We welcome participants focusing on either or both of these task variants. We would also particularly like to encourage participants to consider the unconstrained data setting for both tasks. Using additional data is more realistic, given the small dataset sizes, but its potential has been previously under-explored.

Important dates

Release of training data February 8, 2017
Release of test data April 10 2017
Results submission deadline May 12 2017
Paper submission deadlineJune 9 2017
Notification of acceptanceJune 30 2017
Camera-ready deadlineJuly 14 2017

Download the gold translations for task 1.

Task 1: Multimodal Machine Translation

This task consists in translating English sentences that describe an image into German and/or French, given the English sentence itself and the image that it describes (or features from this image, if participants chose to). For this task, the Flickr30K Entities dataset was extended in the following way: for each image, one of the English descriptions was selected and manually translated into German and French by human translators. For English-German, translations were produced by professional translators, who were given the source segment only (training set) or the source segment and image (validation and test sets). For English-French, translations were produced via crowd-sourcing where translators had access to source segment, the image and an automatic translation created with a standard phrase-based system (Moses baseline system built using the WMT'15 constrained translation task data) as a suggestion to make translation easier (note that this was not a post-editing task: although translators could copy and paste the suggested translation to edit, we found that they did not do so in the vast majority of cases).

As training and development data, we provide 29,000, and 1,014 triples respectively, each containing an English source sentence, its German and French human translations and corresponding image. We also provide the 2016 test set, which people can use for validation/evaluation. The English-German datasets are the same as those in 2016, but we note that human translations in the 2016 validation and test datasets have been post-edited (by humans) using the images to make sure the target descriptions are faithful to these images. There were cases where in the 2016 the source text was ambiguous and the image was used to solve the ambiguities. The French translations were added in 2017.
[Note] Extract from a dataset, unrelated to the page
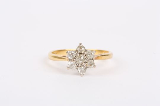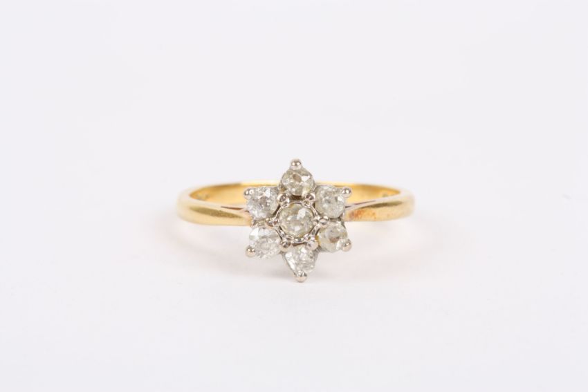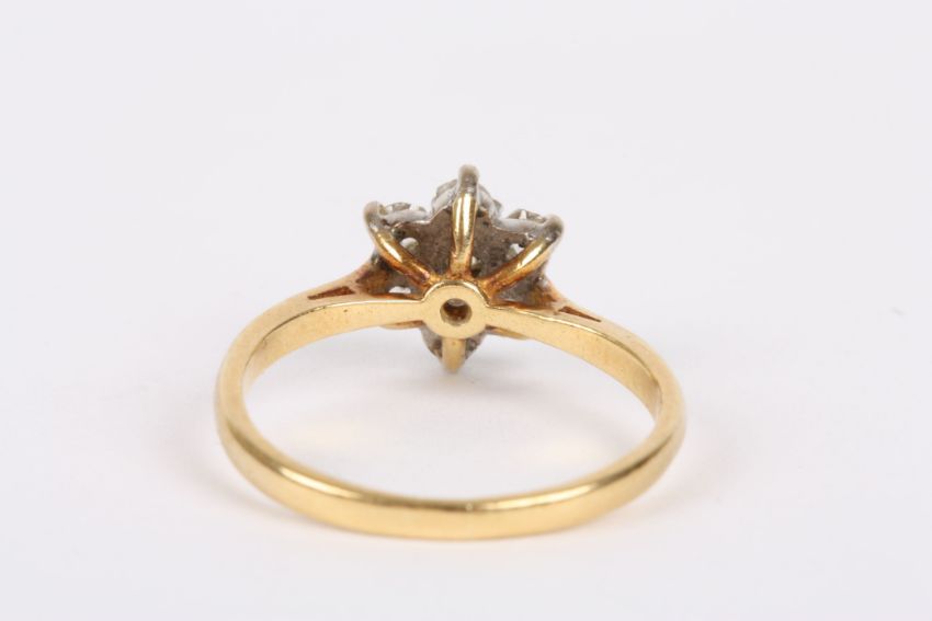 An 18ct gold and diamond ring the diamond set in flower head, the central diamond set with six diamond points to surround and six diamonds in the form of petalsDimensions: Condition reportwould benefit from a clean, but in good overall condition.

As test data, we provide a new set of 1,000 tuples containing an English description and its corresponding image. Gold labels will be translations in German or French.

Evaluation will be performed against the German or French human translations of the test set using standard MT evaluation metrics, with METEOR (multeval implementation, but with METEOR 1.5) as the primary metric. The submissions and reference translations will be pre-processed to lowercase, normalise punctuation and tokenise the sentences. Each language will be evaluated independently.

The baselines for this task will be neural MT systems trained using only the textual training data provided and the Nematus tool (details later).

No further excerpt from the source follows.